:: Work task ::
Below are entries with pictures among them; reproduce exactly, and only, the lines from the one containing "意甲第17輪,克雷莫內(nè" down to the one containing "Keywords: Death certificate", without the pictures.

==== Extracted data

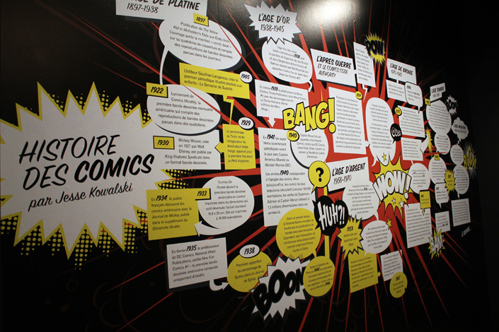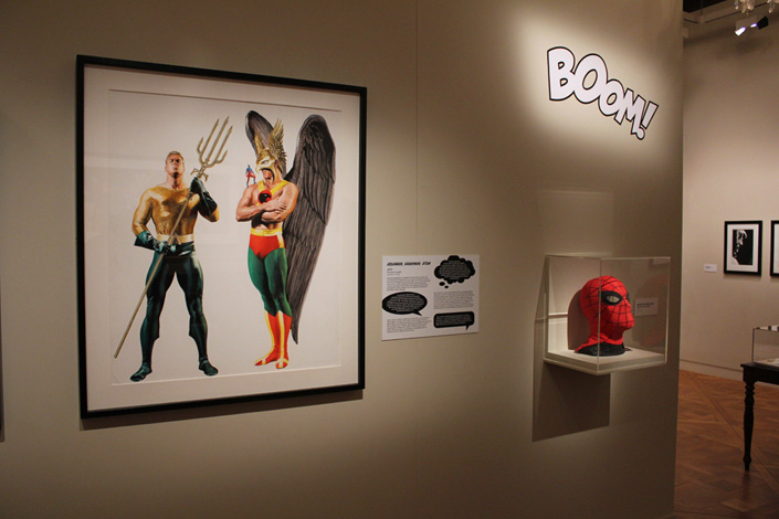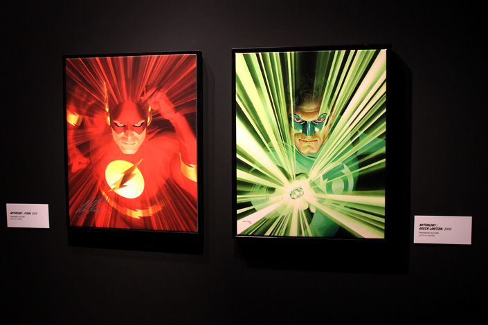 Car, oui, quand on est lecteur de comics on s’engage dans ces salles avec le sentiment d’être en terrain connu. Normal : le commissaire (non, pas Gordon !) de l’exposition, Jesse Kowalski (qui était présent ce matin au Mona Bismarck American Center) a veillé à ne laisse personne à côté de la plaque. Dès le début on ainsi droit à un véritable mur d’orientation qui explique aux néophytes et aux plus jeunes comment s’organise la chronologie des comics (Golden Age, Silver Age…). Une mise au point qui se révèle vite stratégique puisqu’il s’avère qu’il faut expliquer au public qu’Alex Ross prend un plaisir certain à représenter les super-héros dans leur forme la plus iconique. Tel que l’explique lui-même Jesse Kowalski : « Alex Ross refuse de dessiner le Superman moderne qui porte son slip sous ses collants ! ». Non, le Normal Rockwell des comics vise le vintage, l’intemporel, l’indémodable, l’impression de puissance…
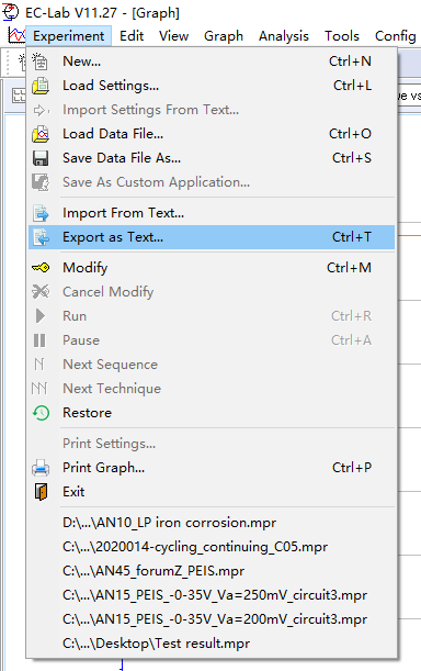 如下圖,打開(kāi)原始的EC-Lab數(shù)據(jù)文件后,在Experiment下,選擇Export as Text…,可以將數(shù)據(jù)直接導(dǎo)出為txt格式。
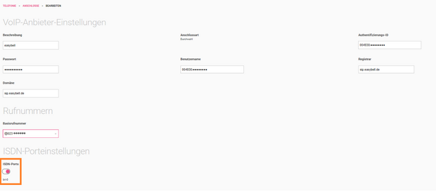 ISDN-Porteinstellungen:
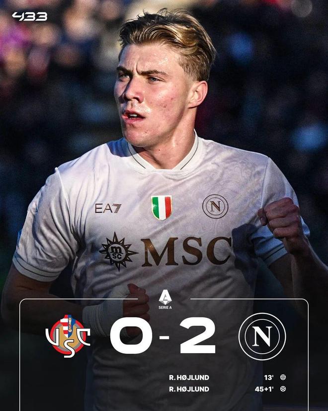 意甲第17輪,克雷莫內(nèi)塞主場對陣那不勒斯。此役,那不勒斯前鋒霍伊倫上演梅開二度,幫助球隊在客場全取3分。
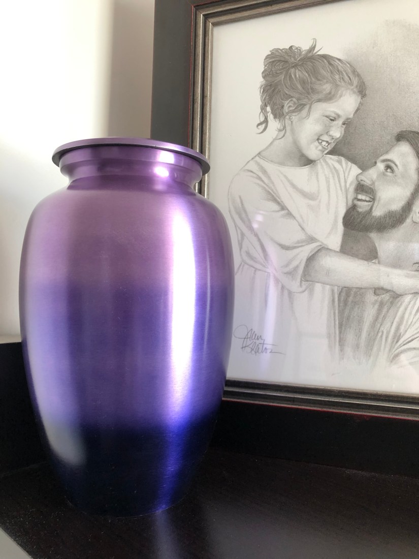 So, we picked a vibrant urn, that reminded us of her. Her resting place is with us. In our family room.
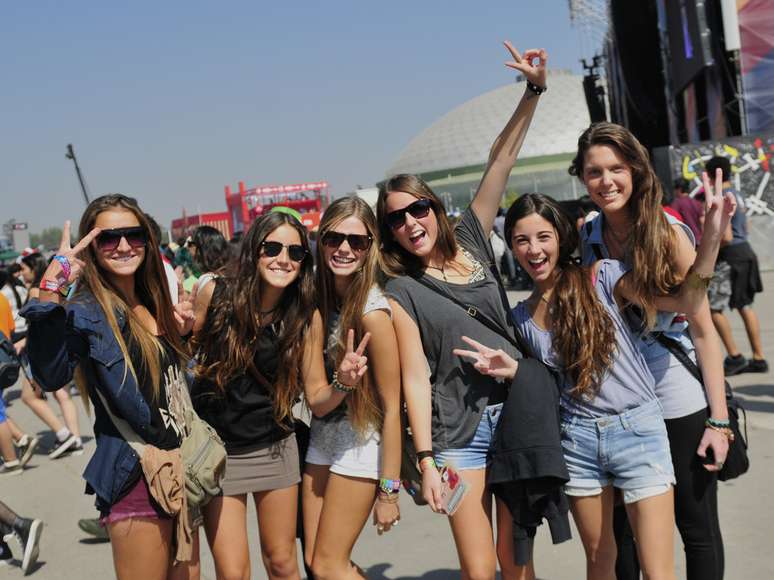 Com muito calor no Parque O'Higgins, em Santiago, no Chile, o público fez o que pôde para se proteger do sol e aproveitar o primeiro dia de shows no Lollapalooza Chile 2013
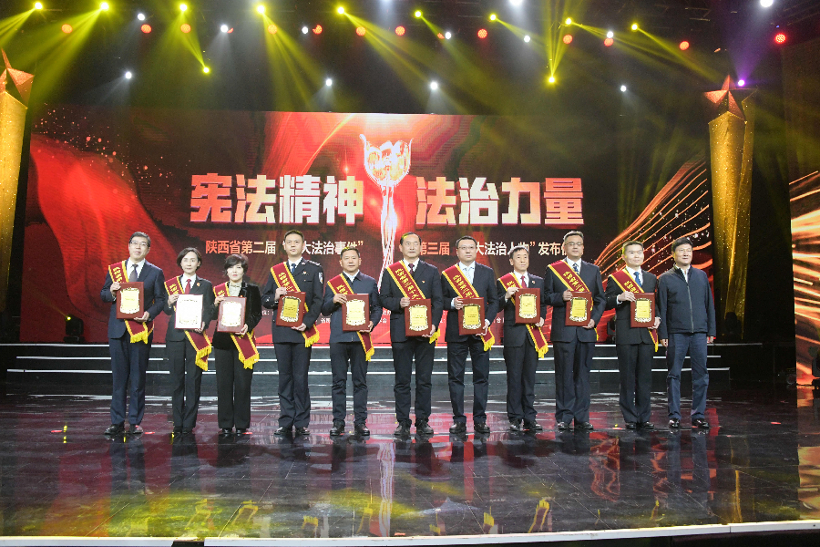12月2日,陜西省第二屆“十大法治事件”暨第三屆“十大法治人物”發布儀式在西安舉行。省委常委、省委政法委書記莊長興,省人大常委會副主任、省總工會主席郭大為,副省長徐大彤,省政協副主席李曉東出席并為獲獎代表頒獎。
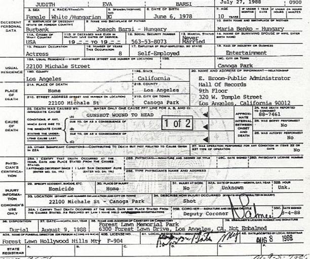 Keywords: Death certificate of Judith Barsi.jpg en The death certificate of Judith Barsi 1978-1988 1988 http //www findadeath com/Deceased/b/Judith 20Barsi 20story/dc jpg US Government PD-USGov Uploaded with UploadWizard Judith Barsi
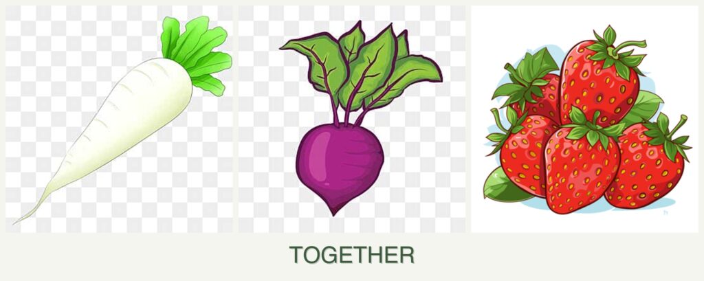 - Growth Requirements: Radishes and beets are root vegetables that thrive in similar soil conditions, while strawberries are low-growing plants that prefer slightly different conditions but can coexist if spaced correctly.
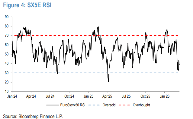 摩根大通观察到,市场叙事已从冲突初期的"逢低买入",迅速切换到"押注持久战、油价新高、复刻2022"。然而,技术指标与仓位数据并不支持"彻底出清"已经完成——主要市场RSI仍在30以上,持仓变化更多体现为降低风险敞口,而非普遍转向净做空。这种情绪上的"投降",在Matejka团队看来反而抬高了继续追空的成本。
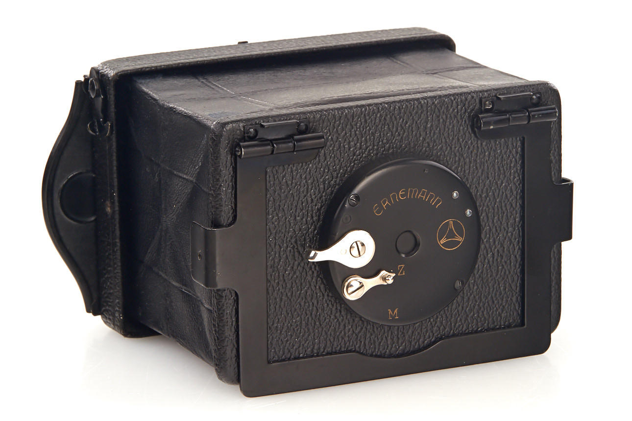 4.5x6cm camera folding to small dimensions, with original celluloid focusing screen, one film holder and maker's box, in beautiful, near mint condition
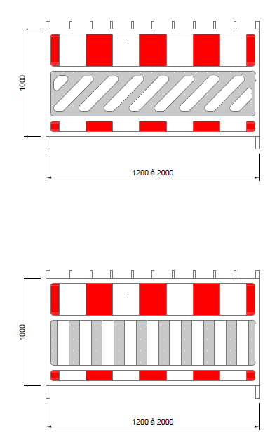 Art. 71. Les conteneurs et les obstacles placés sur la voie publique sont pourvus sur les parties avant et arrière de bandes alternées de couleur rouge et blanche de 0,10 m de largeur au minimum et inclinées à 45° par rapport à la verticale.
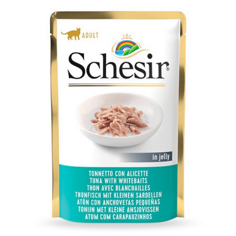Alimento umido per gatti adulti. La ricetta Schesir è a base di veri filetti di delizioso tonnetto, preparati in gelatina, per soddisfare i gusti dei gatti che prediligono il sapore del mare, abbinato a una consistenza più compatta nella ciotola.
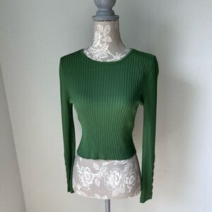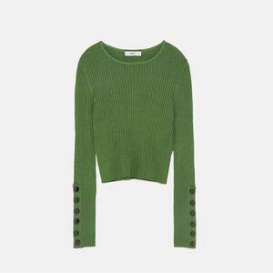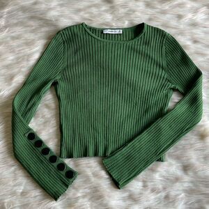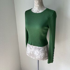 Ribbed Cropped Sweater by Zara in Green. Ribbed knit. Round neck and long sleeves with metallic buttons at cuffs. Gently worn with two small marks on sleeves. Measurements in photos.

========

:: Exercise solution ::
 意甲第17輪,克雷莫內(nèi)塞主場對陣那不勒斯。此役,那不勒斯前鋒霍伊倫上演梅開二度,幫助球隊在客場全取3分。
 So, we picked a vibrant urn, that reminded us of her. Her resting place is with us. In our family room.
 Com muito calor no Parque O'Higgins, em Santiago, no Chile, o público fez o que pôde para se proteger do sol e aproveitar o primeiro dia de shows no Lollapalooza Chile 2013
12月2日,陜西省第二屆“十大法治事件”暨第三屆“十大法治人物”發布儀式在西安舉行。省委常委、省委政法委書記莊長興,省人大常委會副主任、省總工會主席郭大為,副省長徐大彤,省政協副主席李曉東出席并為獲獎代表頒獎。
 Keywords: Death certificate of Judith Barsi.jpg en The death certificate of Judith Barsi 1978-1988 1988 http //www findadeath com/Deceased/b/Judith 20Barsi 20story/dc jpg US Government PD-USGov Uploaded with UploadWizard Judith Barsi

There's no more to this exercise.